Reasoning for the second prediction: how do I write a prompt such that human writing which began with that prompt would contain a workable explanation of a cheap fusion power generator? In practice, writing which claims to contain such a thing is generally crackpottery. I could take a different angle, maybe write some section-headers with names of particular technologies (e.g. electric motor, radio antenna, water pump, …) and descriptions of how they work, then write a header for “fusion generator” and let the model fill in the description. Something like that could plausibly work. Or it could generate scifi technobabble, because that’s what would be most likely to show up in such a piece of writing today. It all depends on which is "more likely" to appear in human writing. Point is: GPT is trained to mimic human writing; getting it to write things which humans cannot currently write is likely to be hard, even if it has the requisite capabilities.

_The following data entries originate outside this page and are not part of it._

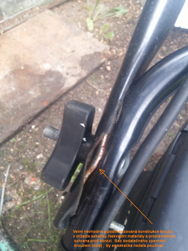 - neskutečně nekvalitní držadlo, které se vzhledem k váze sekačky rychle deformuje a vynklá se. Je to z důvodu použití velmi tenkých ocelových trubek potažených plastem který se v místě spoje kde se držadlo dělí rychle omačká a trubky vzhledem k absenci jakékoli antikorozní ochrany okamžitě reznou. Pokud bych držadla nespojil jedním pevným šroubem navíc na kařdé straně, tak by se s tím nedalo sekat. Zde konstruktér podhodnotil váhu sekačky a sílu se kterou se musí používat.
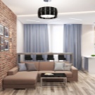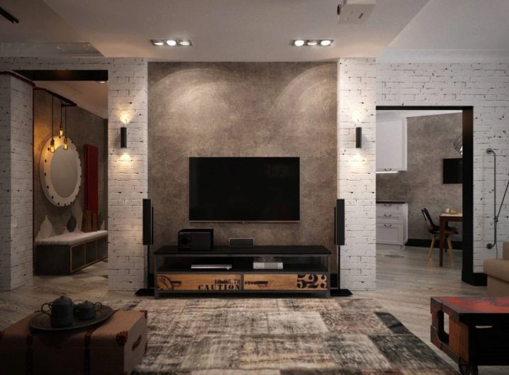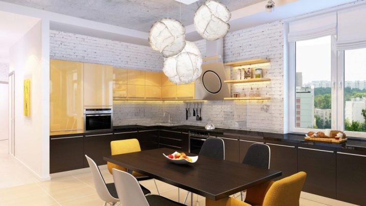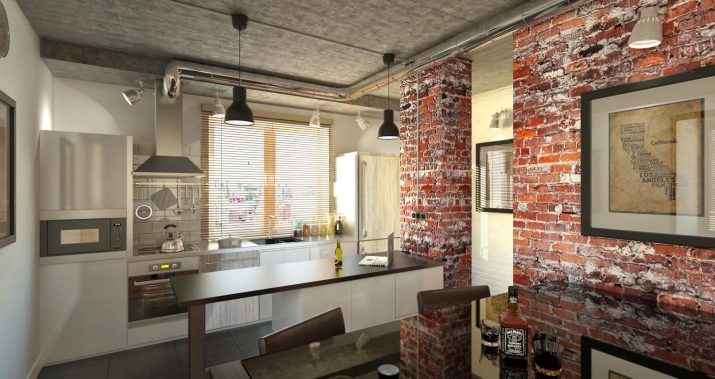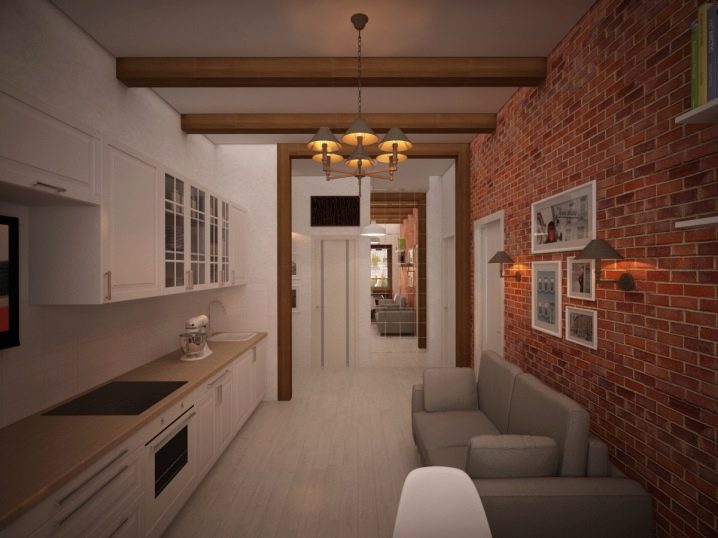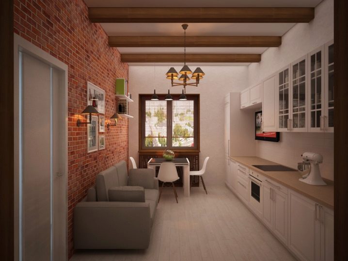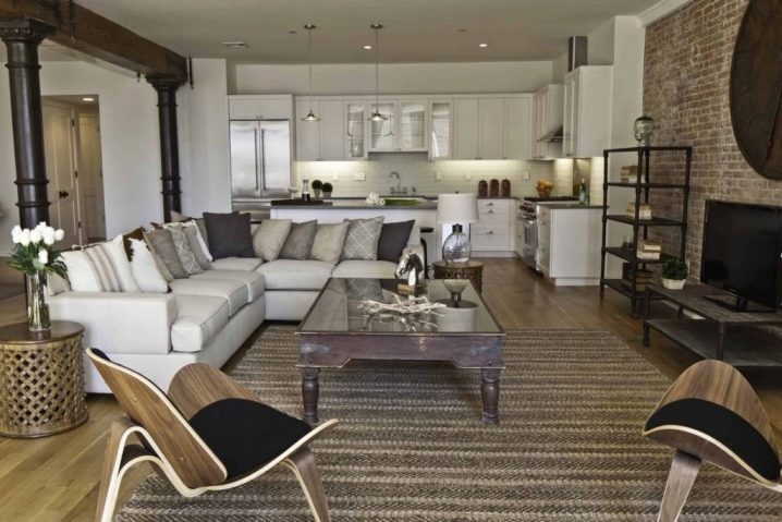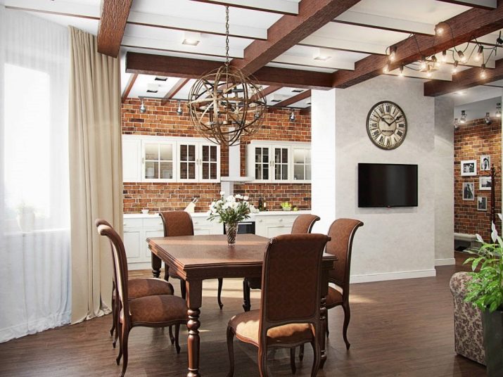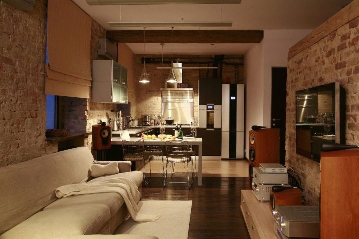 На първо място, за да украсите пространството на кухнята-хола, трябва да направите обновяването на стаята. Най -добре е стените в стаята да имат оригиналния си вид. Тук са подходящи опции като каменна или тухлена зидария или груба мазилка..
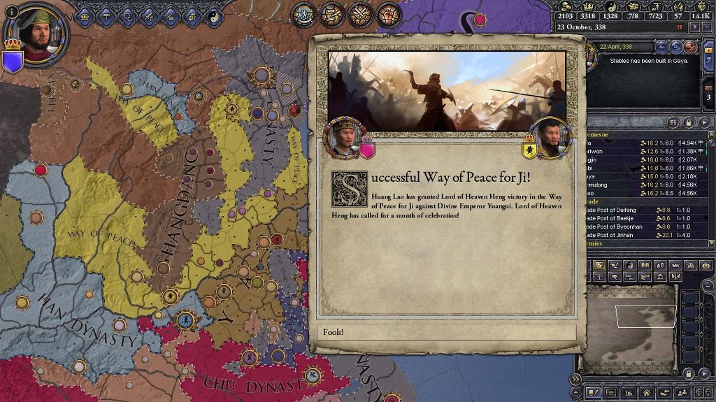 154년이 지났지만 아직도 황건적이 잘나간다는 게 유머 ㅋㅋㅋㅋㅋㅋ 대성전 기능 넣어주자마자 바로 한 건 터뜨려 주는군요! 이 모드에서 대성전이 가능한 건 유교의 Imperial Decree와 태평도의 Way of Peace 뿐인데 유교는 영 비실비실하니 안습 ㅋㅋㅋㅋ

There isn't a standard reference because the argument takes one sentence, and I've been repeating it over and over again: what would Bayesian updates on low-level physics do? That's the unique solution with best-possible predictive power, so we know that anything which scales up to best-possible predictive power in the limit will eventually behave that way.
(BTW I think that link is dead)
The "what would Bayesian updates on a low-level model do?" question is exactly the argument that the bridge design cannot be extended indefinitely, which is why I keep bringing it up over and over again.
This does point to one possibly-useful-to-notice ambiguous point: the difference between "this method would produce an aligned AI" vs "this method would continue to produce aligned AI over time, as things scale up". I am definitely thinking mainly about long-term alignment here; I don't really care about alignment on low-power AI like GPT-3 except insofar as it's a toy problem for alignment of more powerful AIs (or insofar as it's profitable, but that's a different matter).
I've been less careful than I should be about distinguishing these two in this thread. All these things which we're saying "might work" are things which might work in the short term on some low-power AI, but will definitely not work in the long term on high-power AI. That's probably part of why it seems like I keep switching positions - I haven't been properly distinguishing when we're talking short-term vs long-term.
A second comment on this:
If we want to make a piece of code faster, the first step is to profile the code to figure out which step is the slow one. If we want to make a beam stronger, the first step is to figure out where it fails. If we want to extend a bridge design, the first step is to figure out which piece fails under load if we just elongate everything.
Likewise, if we want to scale up an AI alignment method, the first step is to figure out exactly how it fails under load as the AI's capabilities grow.
I think you currently do not understand the failure mode I keep pointing to by saying "what would Bayesian updates on low-level physics do?". Elsewhere in the thread, you said that optimizing "for having a diverse range of models that all seem to fit the data" would fix the problem, which is my main evidence that you don't understand the problem. The problem is not "the data underdetermines what we're asking for", the problem is "the data fully determines what we're asking for, and we're asking for a proxy rather than the thing we actually want".